Tuesday, February 28, 2023

9 Types of Dimensions with examples in Datawarehouse.

 There are mainly 9 types of dimensions as follows:

  1. Conformed Dimension: A conformed dimension is a dimension that is consistent and identical across multiple data marts or data warehouses. It is used to ensure that the same dimension is used across different data marts or data warehouses, ensuring consistency in the data. Examples of conformed dimensions include time, geography, and product dimensions.

  2. Outrigger Dimension: An outrigger dimension is a dimension table that is attached to another dimension table to provide additional details about a specific attribute in the parent dimension. For example, a customer dimension may have an outrigger dimension that provides additional information about the customer's address.

  3. Shrunken Dimension: A shrunken dimension is a subset of a larger dimension that is used in a specific part of the data warehouse. For example, a time dimension may be shrunk to only include the year and quarter attributes when used in a sales data mart.

  4. Role-Playing Dimension: A role-playing dimension is a dimension that is used in multiple ways within a single fact table.
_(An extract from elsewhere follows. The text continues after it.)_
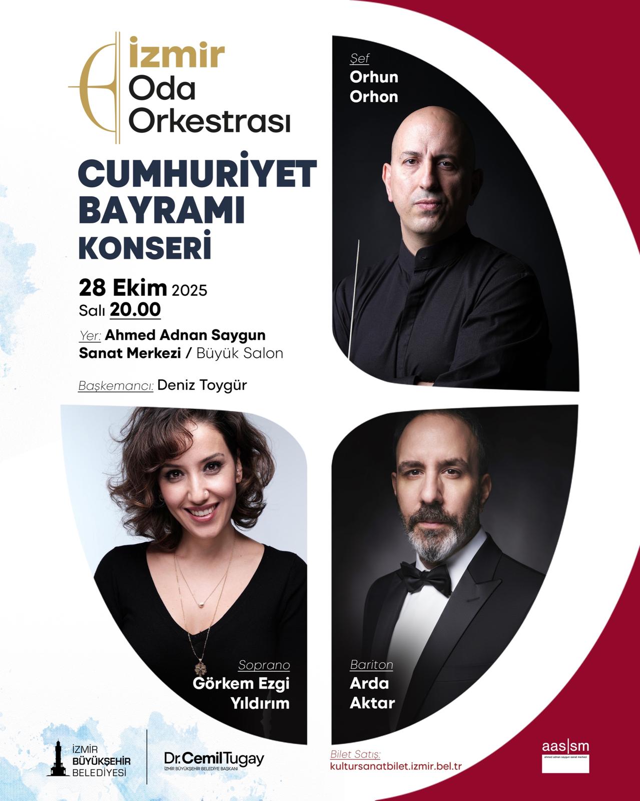 İzmir Oda Orkestrası Cumhuriyet Bayramı Konseriİzmir Oda Orkestrası Cumhuriyet Bayramı konseri, 28 Ekim Salı saat 20.00'de Ahmed Adnan Saygun Sanat Merkezi Büyük Salon'da sahnelenecek. İzmir Oda Orkestrası, Cumhuriyet’in 102. yılını coşkuyla kutlamak için sahnede olacak. Şef Orhun Orhon yönetiminde, soprano Görkem Ezgi Yıldırım ve bariton Arda Aktar’ın solistliğinde gerçekleşecek konserde, klasik batı müziğinin Türk öncü bestecilerinin eserleri ve seçkin aryalar yer alacak. Konserin bilet satışları, kultursanatbilet.izmir.bel.tr adresi üzerinden yapılıyor.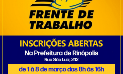 A Prefeitura de Rinópolis abre 20 vagas para o Programa Emergencial Auxílio Desemprego (Frente de Trabalho). As inscrições poderão ser realizadas de 1 a 8 de...

For example, a date dimension may be used to represent both an order date and a ship date within a sales fact table.

  5. Dimension-to-Dimension Table: A dimension-to-dimension table is a table that contains the relationships between two dimensions. For example, a product hierarchy table may contain the relationships between different product categories and subcategories.

  6. Junk Dimension: A junk dimension is a dimension that is created to store low-cardinality attributes that do not fit well into any other dimension. For example, a "promotion flag" dimension may be created to store the different types of promotions that apply to sales transactions.

  7. Degenerate Dimension: A degenerate dimension is a dimension that is derived from a fact table and does not have a separate dimension table. For example, an order number may be used as a degenerate dimension in a sales fact table.

  8. Swappable Dimension: A swappable dimension is a dimension that can be swapped with another dimension without affecting the fact table. For example, a customer dimension and a product dimension may be swappable within a sales fact table.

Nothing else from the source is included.